Former foreign minister Shah Mehmood Qureshi could be in for another stint, while outgoing Khyber Pakhtunkhwa chief minister Pervez Khattak is floated as possibly the next interior minister.

Former banker and economist Asad Umar is favored to take over as  finance minister. He will inherit a free-falling rupee and a balance of payments crisis, but has already said he would seek a loan from China or a bailout package from the International Monetary Fund. Tax changes are also on the cards, with Khan insisting on Thursday that he would improve the collection system, which would help increase trust in his government.

The biggest challenge will be security policies, which the army has traditionally controlled. With Islamic State claiming credit for the bloody election day attack in Quetta, which was supposedly to cement its presence in Balochistan, the heat will be on jihadist apologists.
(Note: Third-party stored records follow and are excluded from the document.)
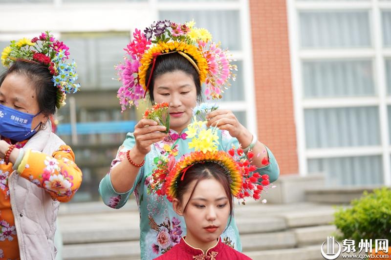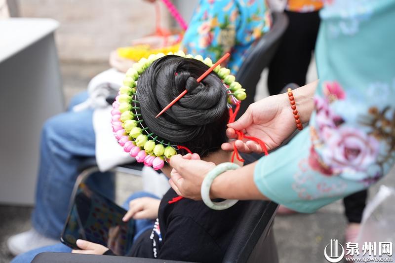 黄瞻女士简要介绍了簪花围的历史脉络,簪花围始于宋代,有位生活在泉州的阿拉伯人,建了一个花园,园里有许多从西域引进的奇花异木。他经常将鲜花赠送给相邻的蟳埔女簪戴,于是渐成蟳埔女发髻簪花习俗。早期的蟳埔女从孩提起,就把头发留长,到十一二岁将秀发盘于脑后,系上红头绳,梳成圆髻,然后再穿上一支“骨髻”,另用鲜花的花苞或花蕾串成花环,少则一、二环,多则四、五环,再以发髻为圆心,圈戴在脑后。黄瞻说到保留这样的蟳埔文化,体现了泉州蟳埔女对美好生活的向往和共同的文化传承记忆。
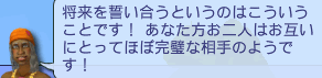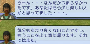 シムは、十代から恋愛可能。でも、まだ性的嗜好(ノーマルとかゲイとか)が決まってないので、シムチェックするなり口説くなりして決定しなくてはいけません。なので、このブラインドデートで異性を紹介してもらうことで、恋愛できるフラグを立てておこうって寸法です。
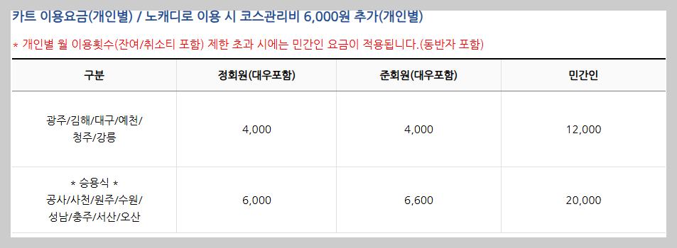 | 렌탈카트 추가요금 | 약 5,000원 | 선택형(체력단련장별 상이) |
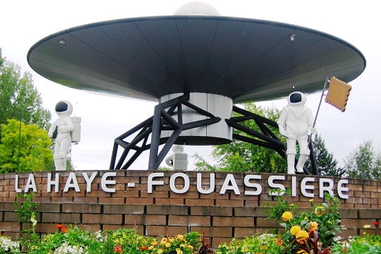Aujourd'hui, Matthieu, chauffeur routier, nous a proposé celui de La Haie-Fouassière, à côté de Nantes. Connue à l’international, Monsieur le Maire est très fier de cette œuvre créée par l'architecte de l'usine LU implantée non loin de là. Ce rond-point représente un soucoupe spatiale avec des astronautes posant le pied sur Terre et brandissant des gâteaux "petit beurre" en guise de drapeau...! L'idée maîtresse de l'architecte, résolument tournée vers l'avenir, était qu'on viendrait de l'univers pour chercher les spécialités de La Haye-Fouassière... Précisons que désormais, le rond-point est entouré d'un fossé et de barbelés pour protéger les cosmonautes qui ont fait l'objet de plusieurs "kidnappings" et plaisanteries.
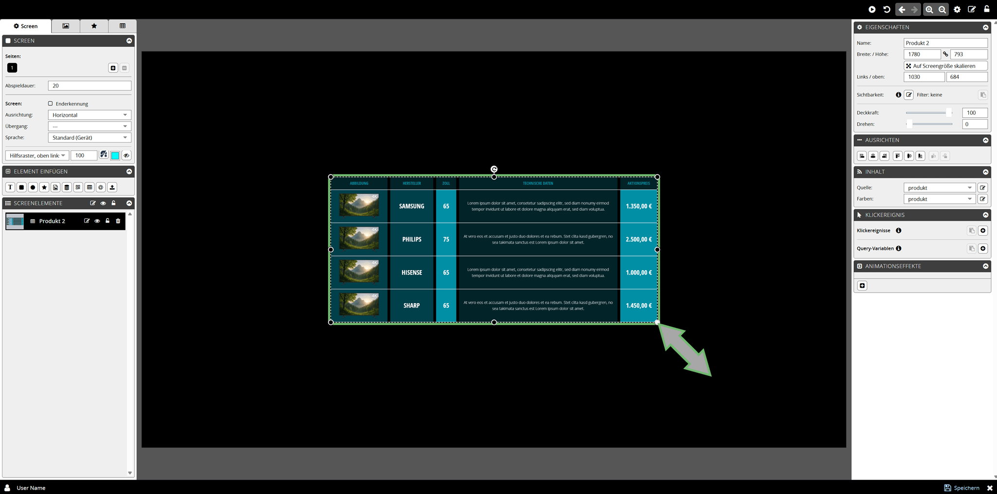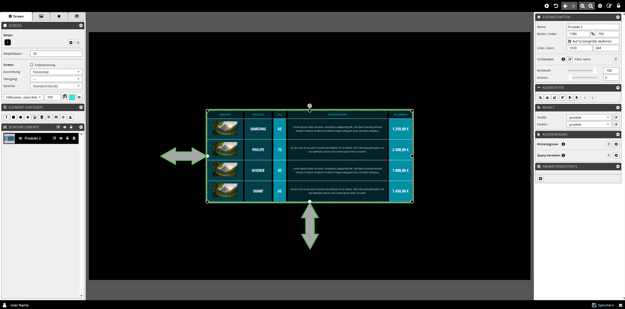 Innerhalb des Screen Design-Bereichs können Sie Tabellenelemente proportional oder unproportional skalieren.
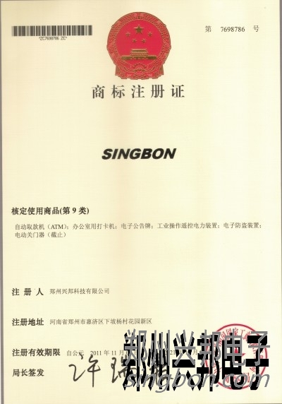 興邦電子(SINGBON)商標(biāo)注冊證書
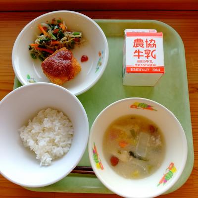 今日の献立は、「ごはん・牛乳・堅豆腐カツ・ごまだれ・小松菜としらすの和え物・白山汁」です。今日は白山市の特産物を使った「白山市献立」です。白峰の堅豆腐、美川でとれるしらす、小松菜や木滑なめこも使いました。
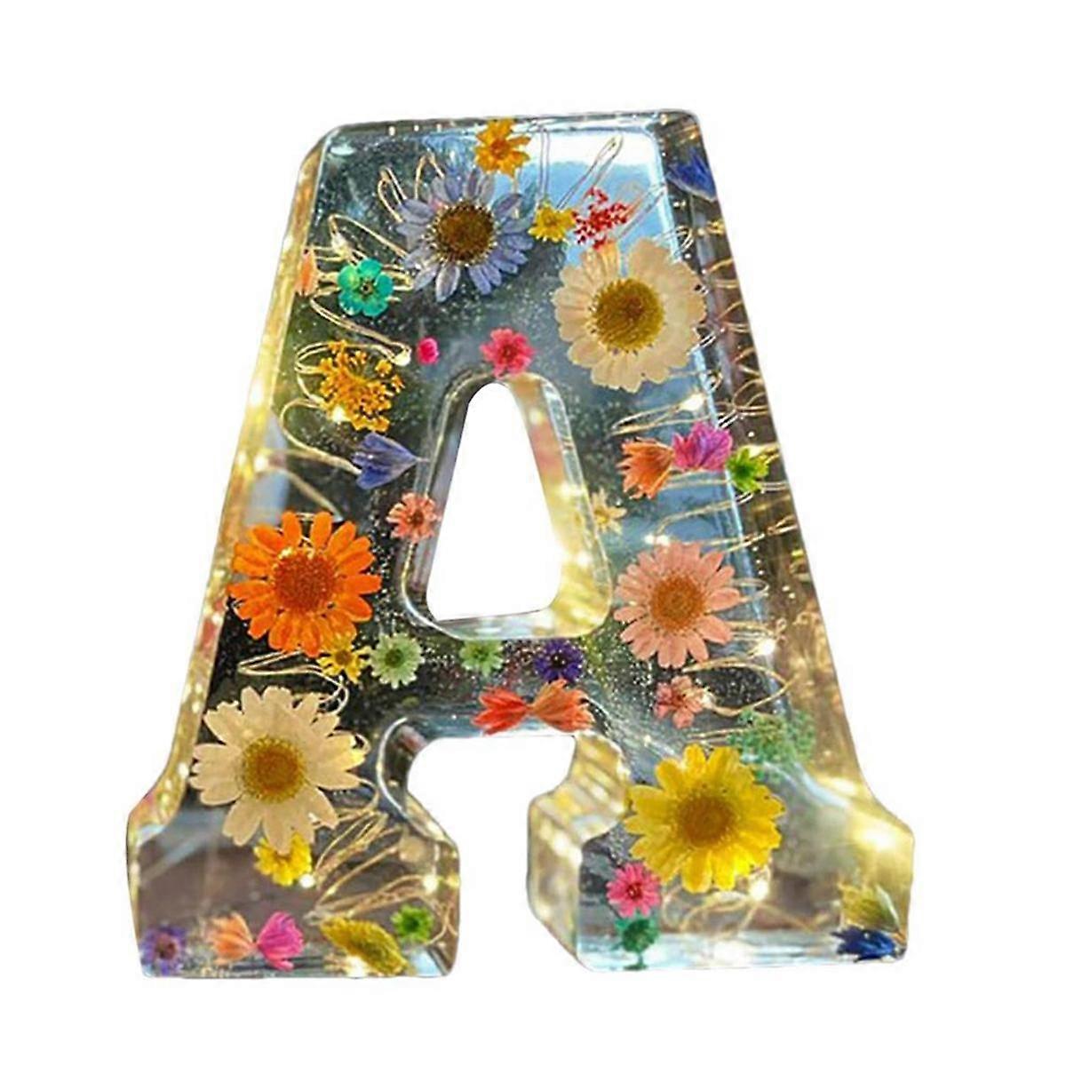 Letters Floral Night Light CreativeDried Flower LED Ambient Lights Resin Letters Lamp Table Ornaments Lighting A

Having played with fire, Khan has exploited the issue of Islamic extremism to build his political base nationally and in the region, but keeping up this stance will not address Pakistan’s security challenges or aid Khan’s diplomatic ambition of improving relations with South Asian states and the United States.

The question being asked now is how long such a radical viewpoint can be maintained in the prime minister’s office.